ユーセフは見つけた場所を重点的に責め始める。
溢れた蜜がユーセフの指を濡らしていく。わざとぐちゅぐちゅと音を立て、沙耶の羞恥を煽るように動かされ、沙耶はあっという間に再び極めそうになる。
沙耶の身体はその予感に張りつめた。
「あっ……」
その予感はユーセフの指が引き抜かれたことで、喪失感にとって代わられる。
「っや、ゆーせふぅ……」
「欲しいのだろう? おいで」
ユーセフは嬉しそうに目を細めると、大きなベッドの沙耶の隣に座る。
ユーセフの上に自ら座ることを求められ、沙耶は戸惑った。
「やだ……」
「自分から来なければ、このままだぞ?」
意地悪く笑みを浮かべるユーセフの顔を見る限り、彼は本気だ。
沙耶は恥ずかしさを堪え、ユーセフの太ももの上に跨った。すでに雄々しく立ち上がった灼熱の楔を身体に収めようとするが、なかなかうまくいかない。

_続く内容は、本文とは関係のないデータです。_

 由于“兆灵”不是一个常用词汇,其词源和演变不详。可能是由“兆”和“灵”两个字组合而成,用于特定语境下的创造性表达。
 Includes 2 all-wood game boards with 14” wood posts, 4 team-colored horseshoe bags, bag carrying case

沙耶は半分泣きながら、どうしたらよいか途方に暮れた。
「泣くな、サーヤ。ほら、わたしも手伝うから……」
ユーセフの手を借りて、ゆっくりと楔を飲みこんでいく。今度はようやく上手くいった。
「はぁっ……ん、ふ」
いつもより深く繋がり合った部分が、かつてない圧迫感を訴える。
「サーヤ……愛している」
「ユーセフっ、お願い……」
「ああ。望みのままに」
ユーセフは沙耶の腰をつかむと、揺するように動かし始めた。
「あぁっ、ゆーせふ。おかしくなりそう……」
「それはこちらのほうだ。サーヤの中がうねって、わたしを締め付ける……。なんと甘美な試練だろうか」
「あぁん」
沙耶はユーセフのもたらす快感に抗えず、抱きついた。
ユーセフは笑みを深くすると、沙耶を揺さぶった。
「っく、ああん」
沙耶はユーセフの肩に顔をうずめて、声をこらえようとしたが、ユーセフがそれを許さない。

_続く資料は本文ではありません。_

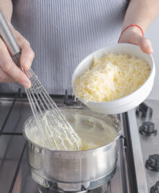 A fuoco spento, unite il parmigiano e l'emmentaler grattugiati mescolando per amalgamarli.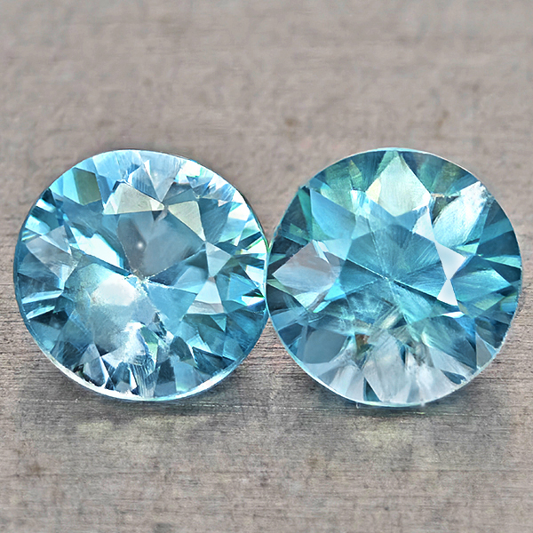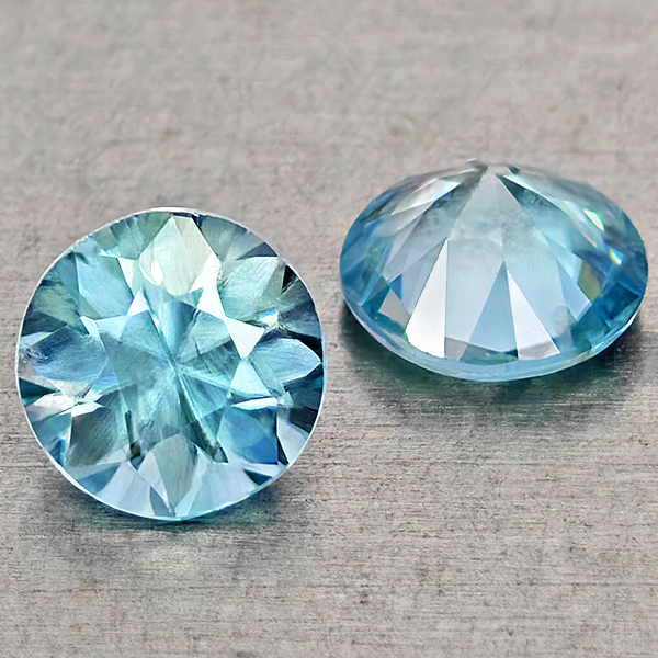 Natural Blue Zircon 1.21 Ct. 2 Pcs Round Diamond Cut 4.9 Mm Gemstones

激しい突き上げに、沙耶は絶頂に達する。続いてユーセフも欲望を解放する。
沙耶の奥底に欲望を放つと、沙耶はその感触に再び昇りつめた。
「あああぁー!」
もはや声を抑えることもできず、本能のままに声を上げる。
そんな沙耶をユーセフは愛しげに抱きしめた。沙耶とユーセフは何度も愛を確かめ合う。
砂漠の夜は、恋人たちを包むようにゆっくりと更けていくのだった。